3. Provide useful information [in RDF] when someone looks up a URI

And obviously you need to provide some information at that URI. When people dereference it you need to give them some data – ideally as RDF as well as HTML. Providing the data as RDF means that machines can process that information for people to use. Making it more useful.

4. Include links to other URIs to let people discover related information

And of course you also need to provide links to other resources so people can continue their journey, and that means contextual links to other resources elsewhere on the web, not just your site.

And that’s it.

Pretty simple really and other than the RDF bit, I would argue that these principles should be followed for any website – they just make sense.

But why?

Before the Web people still networked their computers – but to access those computers you needed to know about the network, the routing and the computers themselves.
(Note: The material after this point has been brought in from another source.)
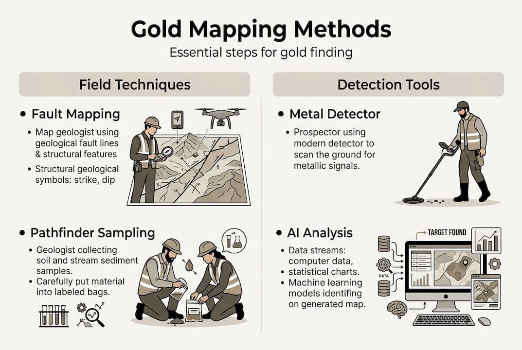 Once you understand why regional geology sets the stage, the next step is pinpointing actual gold zones using proven field and lab techniques. Gold doesn't distribute randomly within a geological terrane. It concentrates at specific structural and chemical traps, and knowing how to recognize those traps separates productive prospectors from frustrated ones.
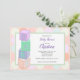As cores suaves do pastel criam este belo convite com blocos de bebês sobre fundo de bolhas. Este é um belo convite para chás de fraldas que irá separá-lo de todos os seus amigos.

For those in their late 30s you’ll probably remember the film War Games – because this was written before the Web had been invented David and Jennifer the two ‘hackers’ had to find and connect directly to each computer; they had to know about the computer’s location.

Phoning up another computer
War Games, 1983

The joy of the web is that it adds a level of abstraction – freeing you from the networking, routing and server location – it lets you focus on the document.

Following the principles of Linked Data allows us to add a further level of abstraction – freeing us from the document and letting us focus on the things, people and stuff that matters to people. It helps us design a system that is more human literate, and more useful.

This is possible because we are identifying real world stuff and the relationships between them.

Free information from data silos

Of course there are other ways of achieving this – lots of sites now provide APIs which is good just not great. Each of those APIs tend to be proprietary and specific to the site. As a result there’s an overhead every time someone wants to add that data source.

These APIs give you access to the silo – but the silo still remains. Using RDF and Linked Data means there is a generic method to access data on the web.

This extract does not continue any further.